1581 battle part of the Livonian War

The Battle of Mogilev took place on 27 June 1581 during the Livonian campaign of Stephen Báthory. It was fought between the Polish–Lithuanian Commonwealth led by Marcin Kazanowski and Krzysztof Radziwiłł against the Tsardom of Russia and Tatars led by Ivan the Terrible. After 7 hours of fighting on an open field, it resulted in a Polish–Lithuanian victory.

== Prelude ==
In 1577, the Danzig rebellion came to an end, with Stephen Báthory being elected. This led to the collapse of the plan to partition the Polish–Lithuanian state between Moscow and the Habsburgs, which caused Ivan IV to undertake the last, decisive and "great" campaign of 1577.

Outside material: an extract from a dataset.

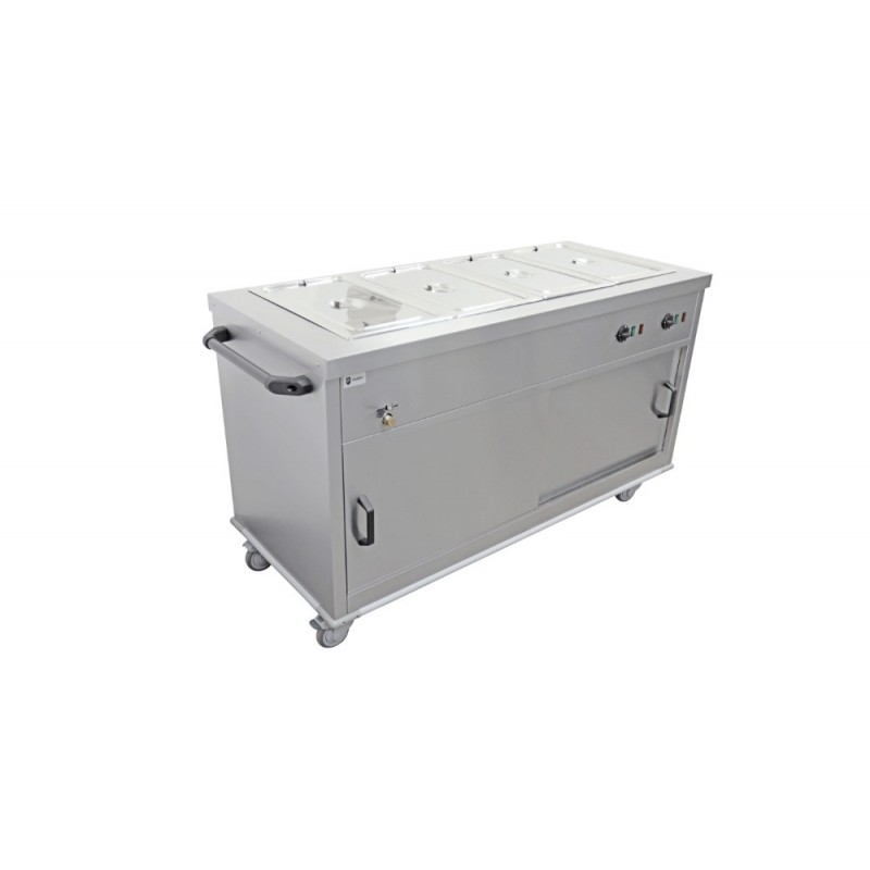 The Parry HC-HOT15BM Hot Cupboard With Bain Marie Top has a strong stainless steel construction the unit has 4 strong castors where 2 are lockable. Built with removable sliding doors for easy cleaning! The hot cupboard has double skinned doors and walls and is temperature regulated throughout by thermostat. Accepts 4 x 1/1 size gastronorms.
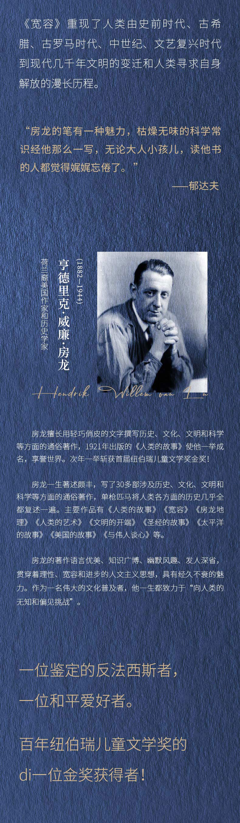 亨德里克·威廉·房龙(Hendrik Willem van Loon,1882—1944),荷兰裔美国作家和历史学家。房龙擅长用轻巧俏皮的文字撰写历史、文化、文明和科学等方面的通俗著作,1921年出版的《人类的故事》使他一举成名,享誉世界。次年一举斩获首届纽伯瑞儿童文学奖金奖!

By 1581, the situation became more and more critical for Ivan IV due to the Polish–Lithuanian troops remaining in Muscovy territory.

On 25 June that year, a Russian army supported by Tatars which consisted of 30,000–45,000 men crossed the Dnieper. It had no possibility of besieging cities, and its main goal was to devastate the area. They would attack the suburb or Mogilev two days later.

== Battle ==
On 27 June, which was a Tuesday, the Russian army attacked the outskirts of Mogilev. The civilians or riflemen, along with 200 hussars began to defend against the attack. They pushed the enemy out of the city and fought for 7 hours on the open field. After receiving false information that the entire army was approaching the Dnieper, the Russians fled in panic when they saw 300 light cavalry along with Temryk Szymkowicz's and Krzysztof Radziwiłł's rotas arrive. An attempt to burn the city down was also thwarted. Two voivodes died in the battle: Roman Buturlin and prince Nikita Czerkaski.

== Aftermath ==
Polish troops suffered large losses in horses, with many villages being burned and some wounded. However, none of the Polish soldiers died.

Once Ivan's troops withdrew, Batory was finally able to march on Pskov.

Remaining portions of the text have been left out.